When it comes to the death of a loved one, an obituary is issued in the circle. On the one hand, I express my gratitude to my loved ones, on the other hand, I inform my relatives and friends of the specific schedule of the funeral arrangements for the deceased relatives, so that they can get the news in time, and then arrange their own work and prepare to attend the funeral on time.
Of course, the death of a loved one is a big event, and there must be some etiquette. For example, close relatives must send someone to inform them, and the person in charge must send someone to invite relatives and friends who are not in the circle but need to be notified. Wait a minute.
This matter is a matter of opinion. In this society, people say everything you do; You do nothing, or someone says.

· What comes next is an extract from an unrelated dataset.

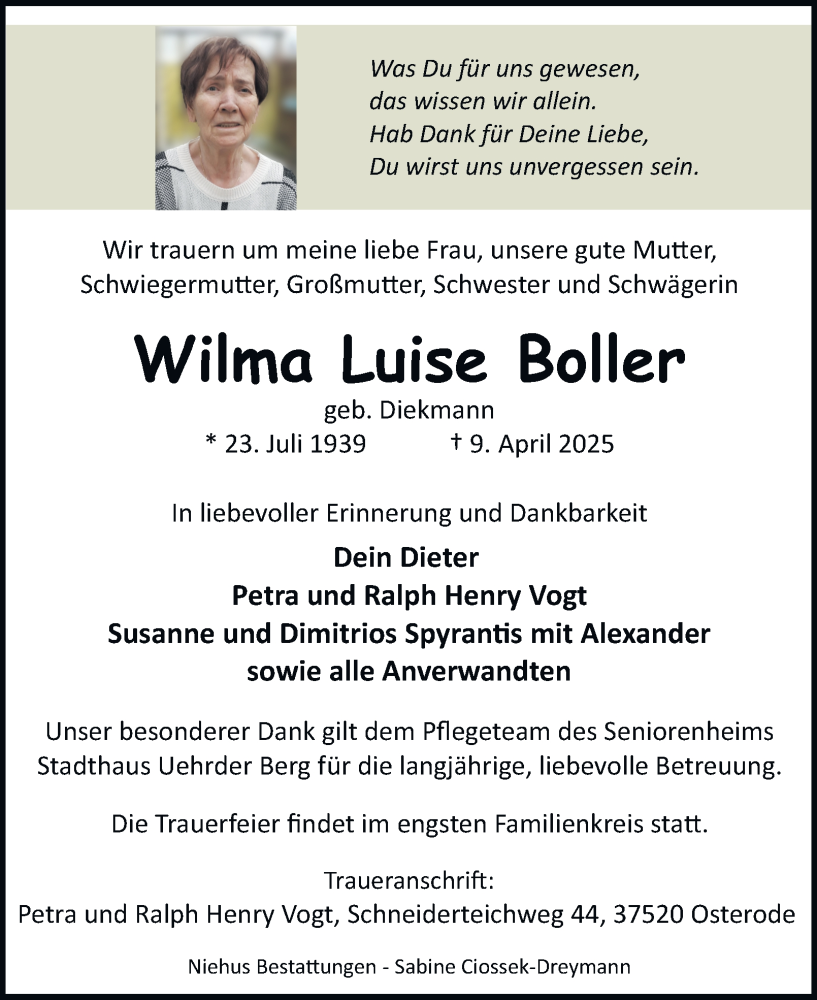 Hier finden Sie alle Traueranzeigen aus der Zeitung, die bisher für Wilma Luise Boller erschienen sind. Weitere Traueranzeigen, die in der Zeitung erscheinen, werden hier ebenfalls aufgelistet

So, to send, why do you think so much?
However, since you asked this question, I already know what you think: you want to make friends, but you are afraid of being told, aren't you?
Then let me help you analyze it and see if what I said makes sense. If it makes sense, you will send it; If it doesn't make sense, it won't be sent.

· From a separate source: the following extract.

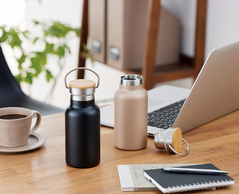 竹の温かみとステンレスの高級感が合わさった、持ち運び便利なステンレスボトル。

First of all, I want to say. People, in this world, birth, old age, illness and death is a normal state! No one can live forever, so no one can ignore death! Death means a lifetime of hard work, once lover, once glory, once beauty, once joys and sorrows, once favorite food, games, pets, once hated everything, all return to zero! After that, with the passage of time, the grief of the living will gradually fade away. Wait until one day in the future, people who miss them all die, and then the bits and pieces left by the original deceased in this world will completely disappear. The ancients once said: "Three inches of gas is not as good as a thousand. Once impermanent, everything will stop." That's what it means.

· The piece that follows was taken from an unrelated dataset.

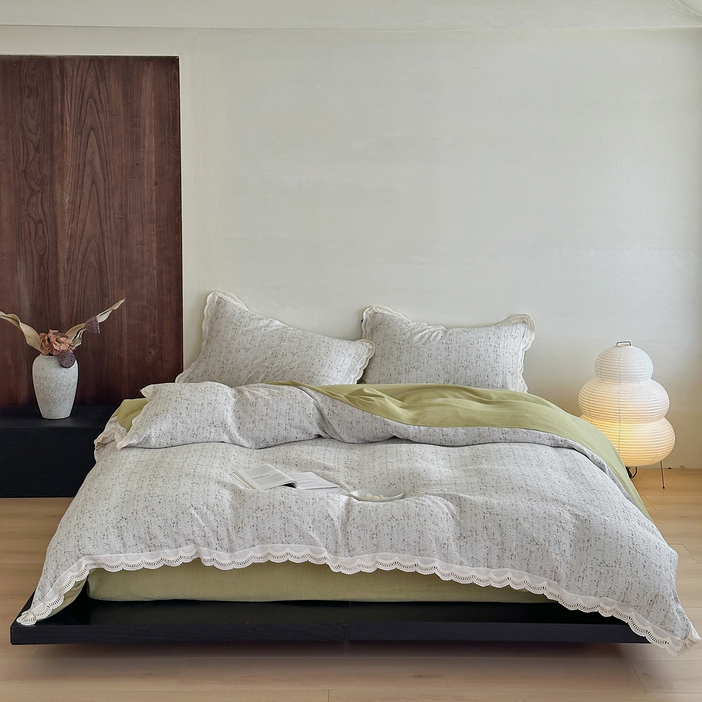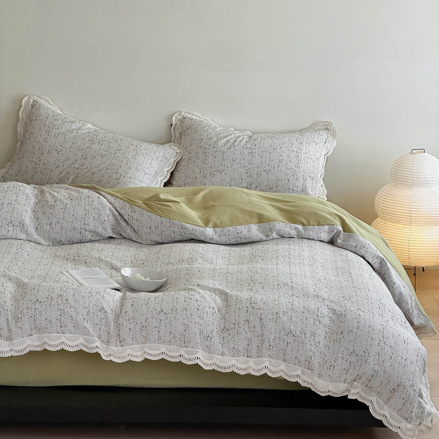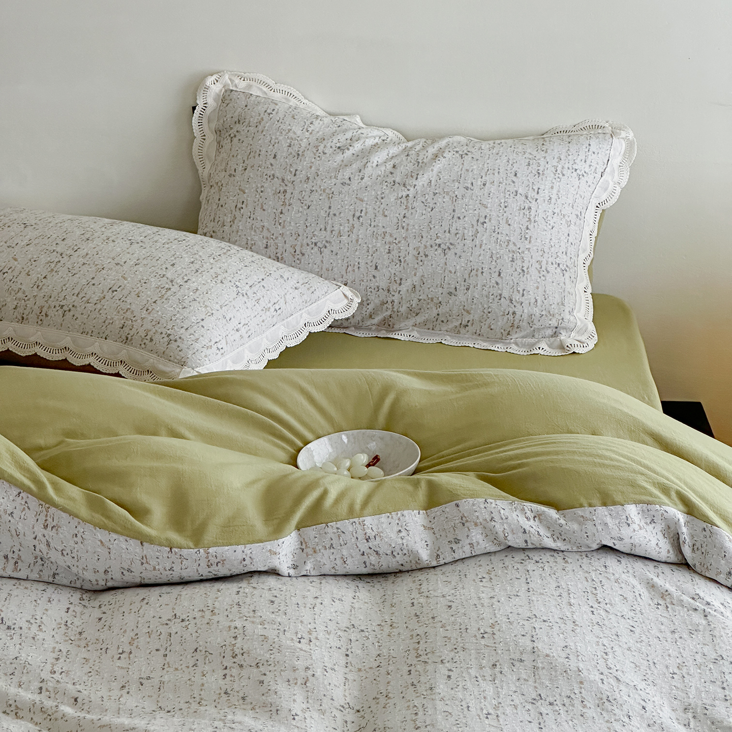 (总)月夏 2025新款手工贴布棉麻四件套-荷塘月色,荷塘月色

So, I often think about this problem. What is the meaning of man? The answer is, if you can make your relatives and friends remember when you die, it's not in vain.
So in this sense, our circle of friends is a yearning for our loved ones. We can't leave us just because they are unconscious. In that case, we must be worse than animals.
At the same time, after the death of our loved ones, we hope that they can enter a better world without pain and only joy, which is what we call heaven. "Go all the way", this simple sentence, is a kind of sustenance of thousands of Qian Qian people to their loved ones! I hope there is another world, I hope they can enter that world, immortal!
Therefore, what you should consider most now is whether your expression to your loved ones is appropriate, and don't worry about those who have nothing to do with you!
In the past, when a relative died, he hoped to have a cemetery in the house, where he would mourn for three years! This is an expression of the kindness of raising relatives!
This is obviously inappropriate. After all, the living have to study, work and earn money to support their families. However, we can express our grief in another way! For example, as you said, isn't it good to send a "happy trip" in the circle of friends?
If we are worried about this, it is really unnecessary! After all, it's your relatives or friends, not the families of those who tell you what to do! Wait until the future, you will inadvertently see your circle of friends again, and you will be moved by your sentient beings and righteousness!
Send it if you want, send it if you want! For the dead, and for yourself!